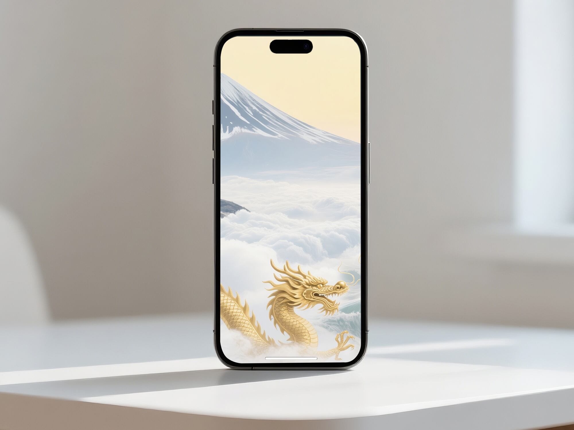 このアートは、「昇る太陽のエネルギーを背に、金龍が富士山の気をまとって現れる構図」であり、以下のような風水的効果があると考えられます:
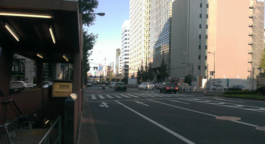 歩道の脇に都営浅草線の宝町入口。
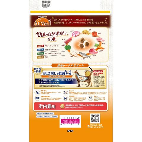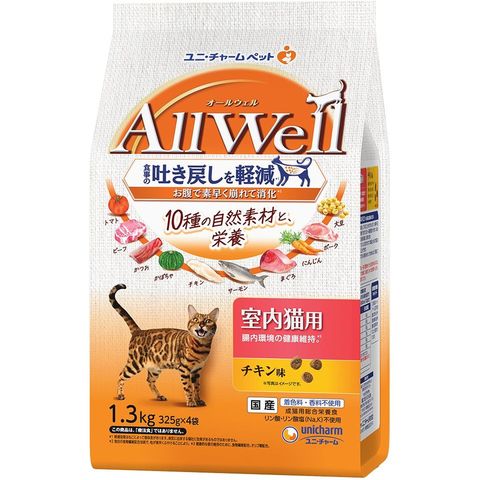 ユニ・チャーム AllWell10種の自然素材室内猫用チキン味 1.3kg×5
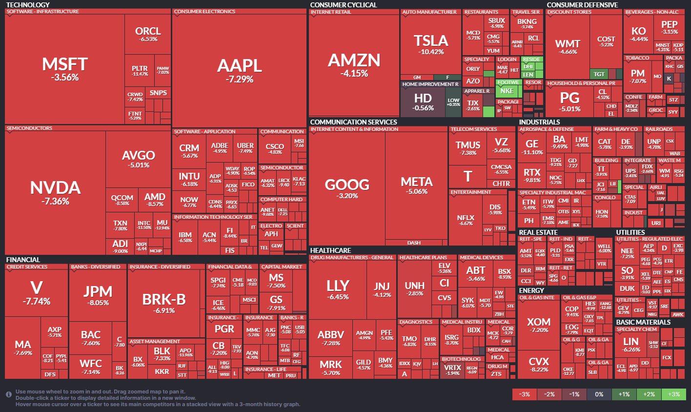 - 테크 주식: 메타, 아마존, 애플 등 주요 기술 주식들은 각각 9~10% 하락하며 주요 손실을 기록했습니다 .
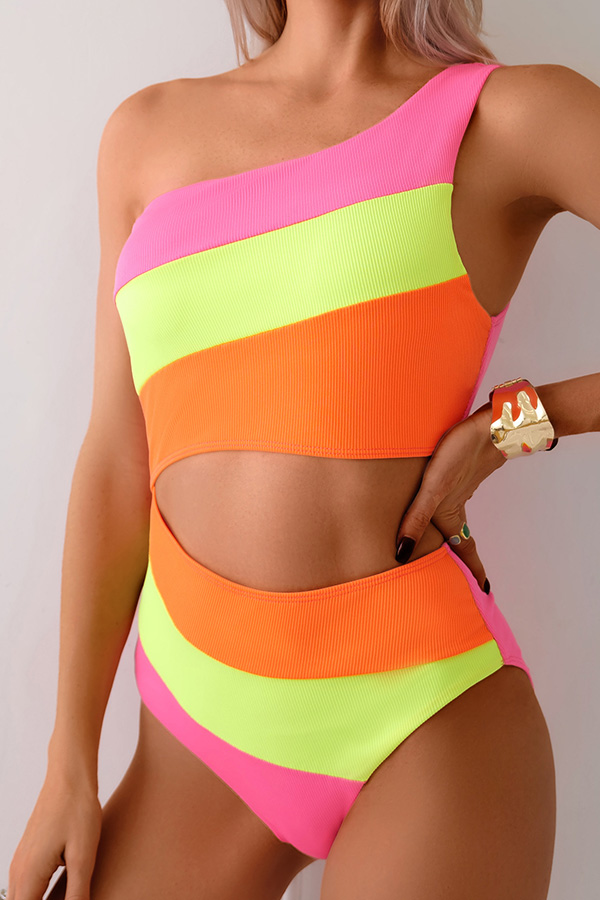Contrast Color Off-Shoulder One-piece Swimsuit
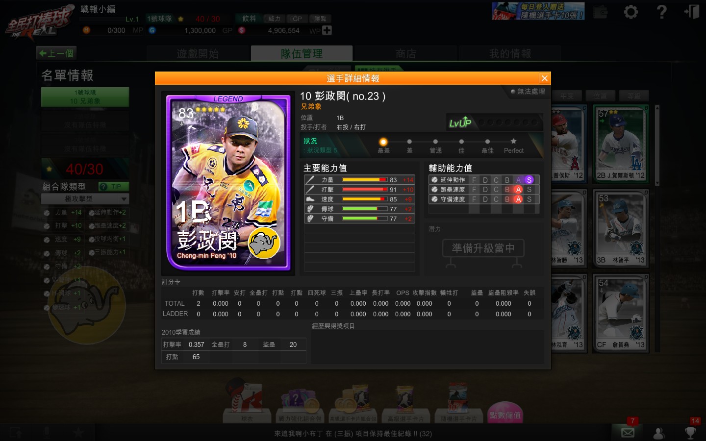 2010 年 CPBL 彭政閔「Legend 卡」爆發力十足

= = = = = = =

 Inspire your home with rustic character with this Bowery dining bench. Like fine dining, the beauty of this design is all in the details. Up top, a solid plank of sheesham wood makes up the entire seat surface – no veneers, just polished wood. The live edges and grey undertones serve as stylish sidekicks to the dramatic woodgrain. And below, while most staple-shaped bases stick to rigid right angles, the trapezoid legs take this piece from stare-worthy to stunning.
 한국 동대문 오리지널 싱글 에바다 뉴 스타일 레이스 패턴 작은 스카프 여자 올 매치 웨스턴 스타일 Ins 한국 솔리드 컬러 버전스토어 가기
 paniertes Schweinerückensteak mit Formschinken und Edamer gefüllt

= = = = = = =

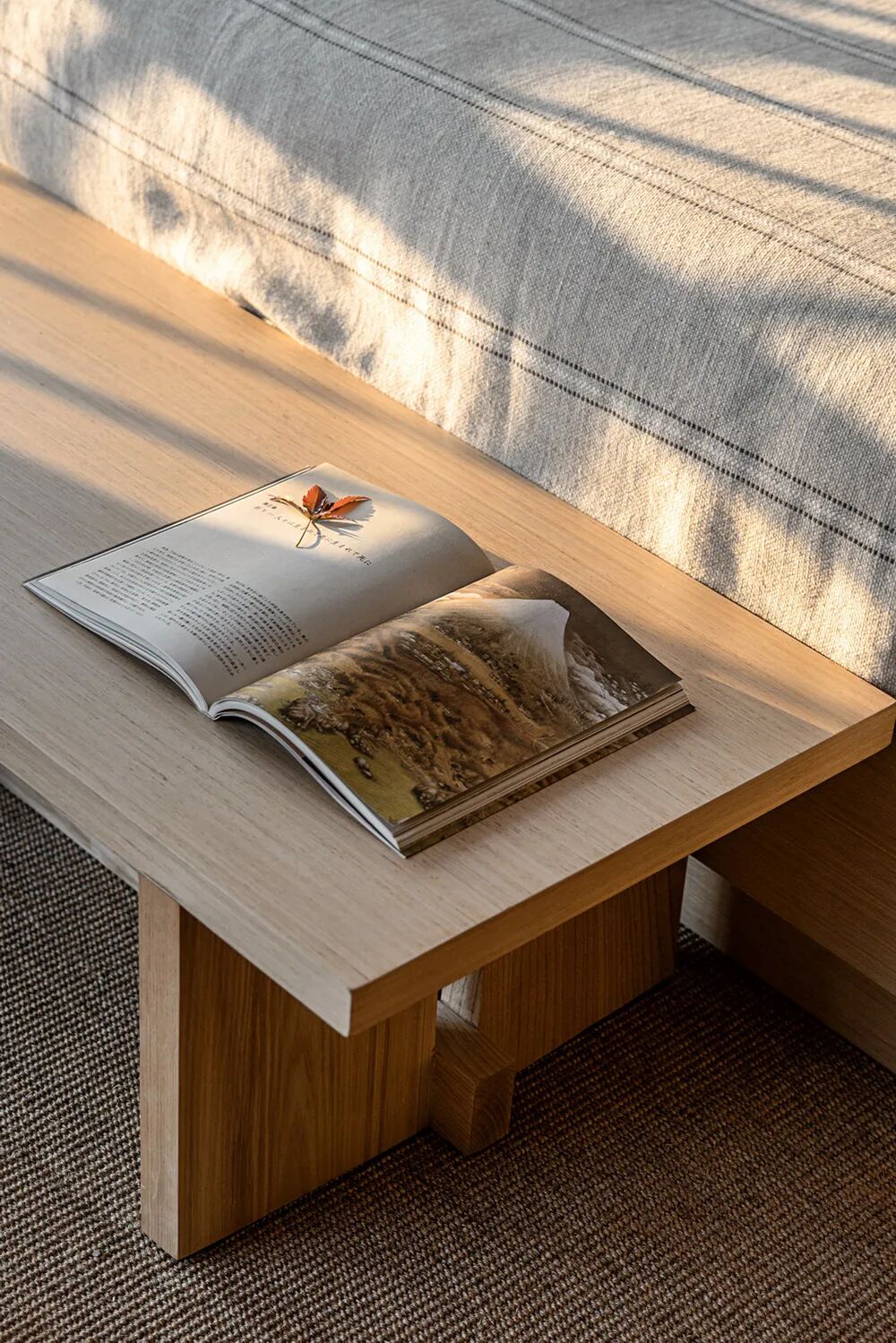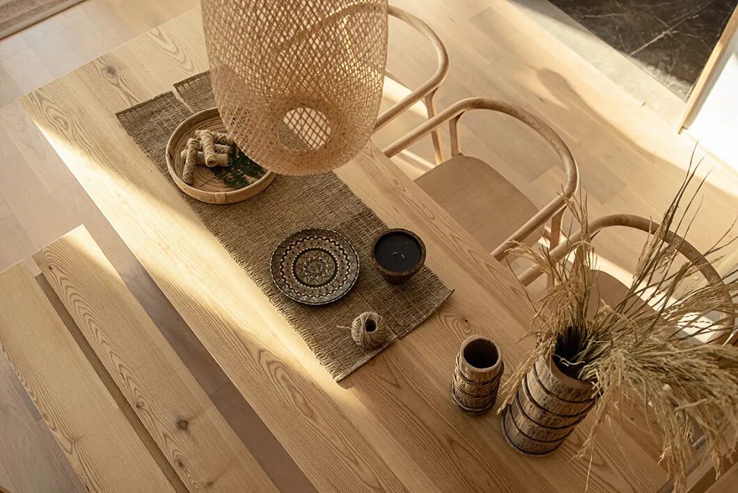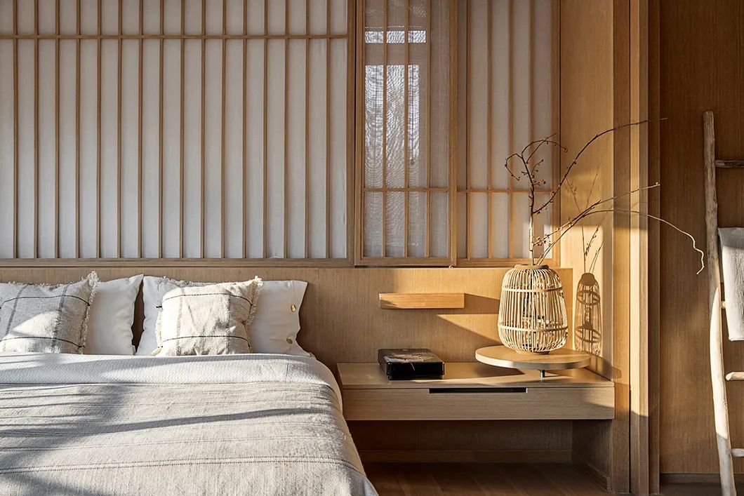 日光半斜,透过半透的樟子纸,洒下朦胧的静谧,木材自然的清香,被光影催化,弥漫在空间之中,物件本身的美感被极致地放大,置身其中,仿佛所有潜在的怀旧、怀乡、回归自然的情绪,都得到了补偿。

= = = = = = =

● **DESCRIPTION OF THE TASK**:
Reproduce exactly the lines above starting at the line containing "このアートは、「昇る太陽のエ" and ending at the line containing "2010 年 CPBL 彭政閔「Legend 卡」爆發力十足", including both, but not the pictures.

● **WORKED SOLUTION**:
 このアートは、「昇る太陽のエネルギーを背に、金龍が富士山の気をまとって現れる構図」であり、以下のような風水的効果があると考えられます:
 歩道の脇に都営浅草線の宝町入口。
 ユニ・チャーム AllWell10種の自然素材室内猫用チキン味 1.3kg×5
 - 테크 주식: 메타, 아마존, 애플 등 주요 기술 주식들은 각각 9~10% 하락하며 주요 손실을 기록했습니다 .
Contrast Color Off-Shoulder One-piece Swimsuit
 2010 年 CPBL 彭政閔「Legend 卡」爆發力十足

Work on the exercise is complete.